Für den wirtschaftlichen Erfolg ist die Kombination aus klinischer Evidenz und angemessener Vergütung entscheidend.
Von OTC-Erfolg zu Rx-Pharma: Marketing und Vertrieb
Fischer hat viel Erfahrung im OTC-Bereich. Rx-Markt ist jedoch komplett anders, vor allem wegen Werbebeschränkungen in Deutschland.
Er sieht dennoch Spielraum für neue, Arzt-orientierte Marketingwege.
Rückschläge und Ausdauer: Die persönliche Geschichte
Der Gründer beschreibt viele Rückschläge. Oft war Ausdauer der Schlüssel zum Weiterkommen.
- Frühe Ablehnungen und Zweifel von Behörden.
- Fehlende Erfahrung beim Pflanzenanbau und in der pharmazeutischen Entwicklung.
- Trotz hoher Belastung kein Ausstieg: volle Reinvestition der Gewinne.
Beharrlichkeit und Lernbereitschaft prägten den Weg zur Zulassung.
Visionen für die Medizin: Mehr als nur Schmerztherapie
Fischer denkt weit über Cannabis hinaus. Sein Blick richtet sich auf disruptive Technologien wie Brain-Computer-Interfaces.
Was BCI leisten können
- Gedankenlesen mit hoher Genauigkeit für Sprachwiedergabe bei gelähmten Patienten.
- Potenzial, Sinnesfunktionen wie Sehen oder Bewegung wiederherzustellen.

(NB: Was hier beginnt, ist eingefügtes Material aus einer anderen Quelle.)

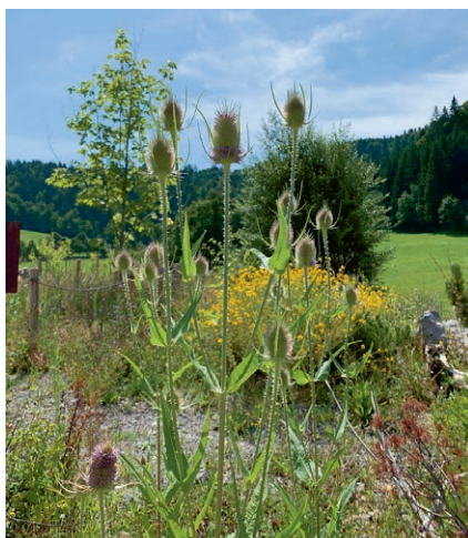
Sommer-Impression 2025. Wild und schön!

In Naturgärten finden 60 bis 80 Wildbienenarten und etliche andere Tier- und Pflanzenarten Wohn- und Verpflegungsmöglichkeiten. Ein besonders attraktiver Naturgarten ist das von Pro Natura Zug unterstützte Wildbiendli-Paradies Einsiedeln.

- Möglichkeit, Schmerz zentral im Gehirn zu beeinflussen oder zu reduzieren.
Er plant, in den kommenden Monaten Implantationen bei Patienten vorzunehmen, um Fortschritte zu prüfen.
Unternehmerischer Antrieb und Lebensphilosophie
Fischer bezeichnet sich als Unternehmer mit medizinischem Hintergrund und Visionen, die umgesetzt werden.
- Lesen und tiefe Beschäftigung mit Themen als Inspirationsquelle.
- Keine Angst vor großen Zielen oder der harten Arbeit dahinter.
- Der Wunsch, Nutzen für viele Patienten zu schaffen, treibt ihn an.
Sein Credo: Große Ambitionen sind legitim und Umsetzbar, wenn man Ausdauer zeigt.
Wie es weitergeht: Märkte, Kooperationen und nächste Schritte
Fischer berichtet von Interesse aus der Pharmaindustrie. Die großen Player beobachten das Projekt besonders für den US-Markt.
- Proof of Concept in den USA gilt als entscheidender Meilenstein.
- Geplante Markteinführungen hängen von Preis- und Erstattungsfragen ab.
- Weitere Indikationen sollen nach und nach bearbeitet werden.
Praktische Hinweise für Ärzte und Patienten
Bei Verordnung ist die richtige Titration zentral. Ärzte sollen Schritt für Schritt die Dosis anpassen.
- Individuelle Anpassung reduziert Nebenwirkungen.
- Patientenaufklärung über Wirkung und Erwartungsmanagement ist wichtig.
- Langzeitbeobachtungen werden helfen, die Rolle im Therapiealltag zu klären.